RabbitMQ學習系列（六）: RabbitMQ 高可用集群－互聯網

前面講過一些RabbitMQ的安裝和用法，也說了說RabbitMQ在一般的業務場景下如何使用。不知道的可以看我前面的博客，http://www.cnblogs.com/zhangweizhong/category/855479.html

本來一直想寫一個介紹RabbitMQ高可用的集群的文章。不過，后來發現園子里，有個已經RabbitMQ大牛寫了，關于高可用集群的文章了。特別巧合的是，還是以前公司的同事。所以，這里就不啰嗦。直接引用過來吧。原文地址：http://www.cnblogs.com/flat_peach/archive/2013/04/07/3004008.html

RabbitMQ是用erlang開發的，集群非常方便，因為erlang天生就是一門分布式語言,但其本身并不支持負載均衡。
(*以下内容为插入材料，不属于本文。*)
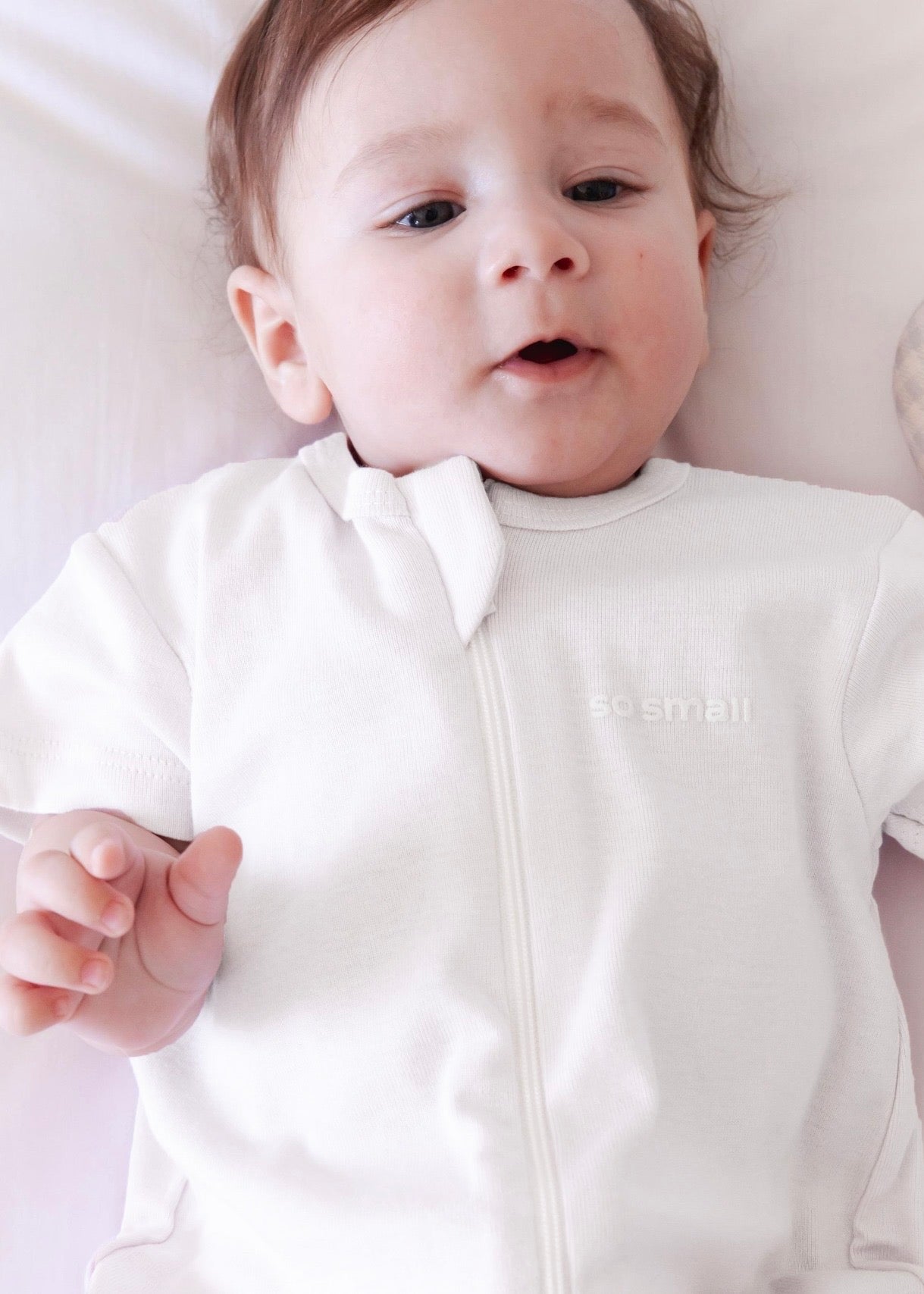 so small Organic Half-Sleeved Romper- Milky White
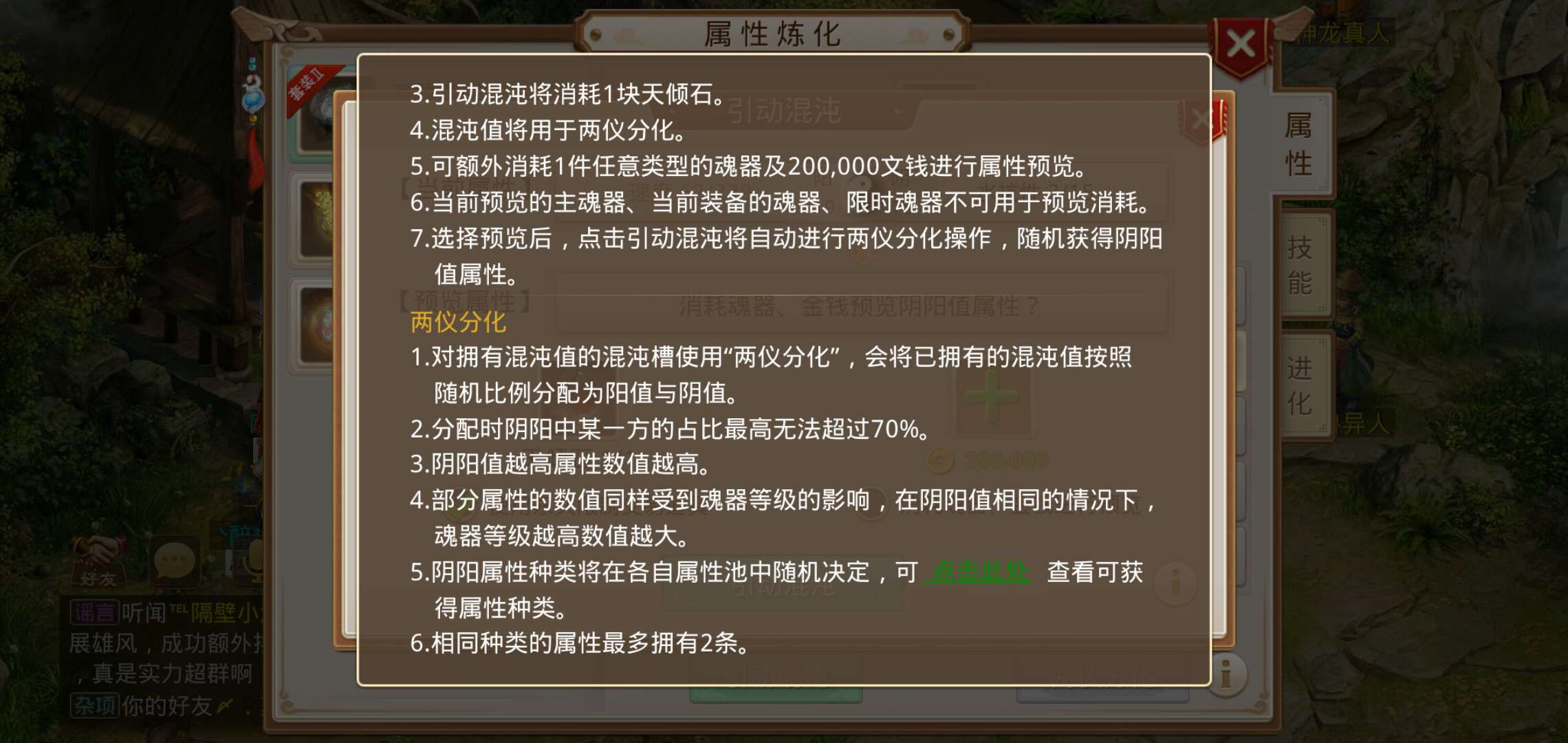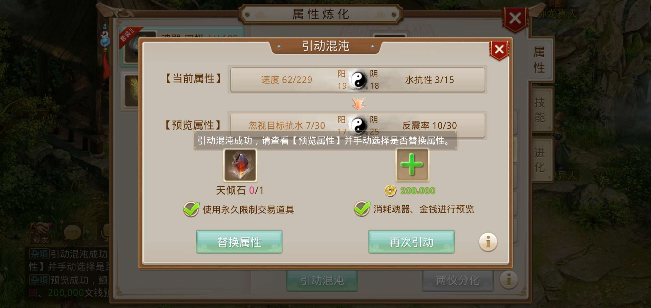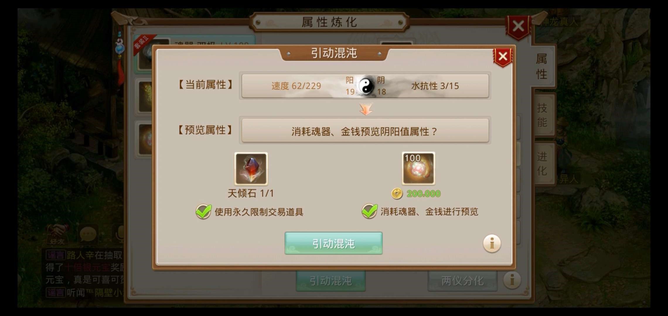 1、预览一次消耗1件任意魂器+20w游戏币。哦对了,还有一块天倾石,前面魂器和金币是预览消耗,天倾石是引动混沌消耗,毕竟,要换属性首先得引动混沌不是?

Rabbit模式大概分為以下三種：單一模式、普通模式、鏡像模式

單一模式：最簡單的情況，非集群模式。

沒什么好說的。

普通模式：默認的集群模式。

對于Queue來說，消息實體只存在于其中一個節點，A、B兩個節點僅有相同的元數據，即隊列結構。

當消息進入A節點的Queue中后，consumer從B節點拉取時，RabbitMQ會臨時在A、B間進行消息傳輸，把A中的消息實體取出并經過B發送給consumer。

所以consumer應盡量連接每一個節點，從中取消息。即對于同一個邏輯隊列，要在多個節點建立物理Queue。否則無論consumer連A或B，出口總在A，會產生瓶頸。

該模式存在一個問題就是當A節點故障后，B節點無法取到A節點中還未消費的消息實體。

如果做了消息持久化，那么得等A節點恢復，然后才可被消費；如果沒有持久化的話，然后就沒有然后了……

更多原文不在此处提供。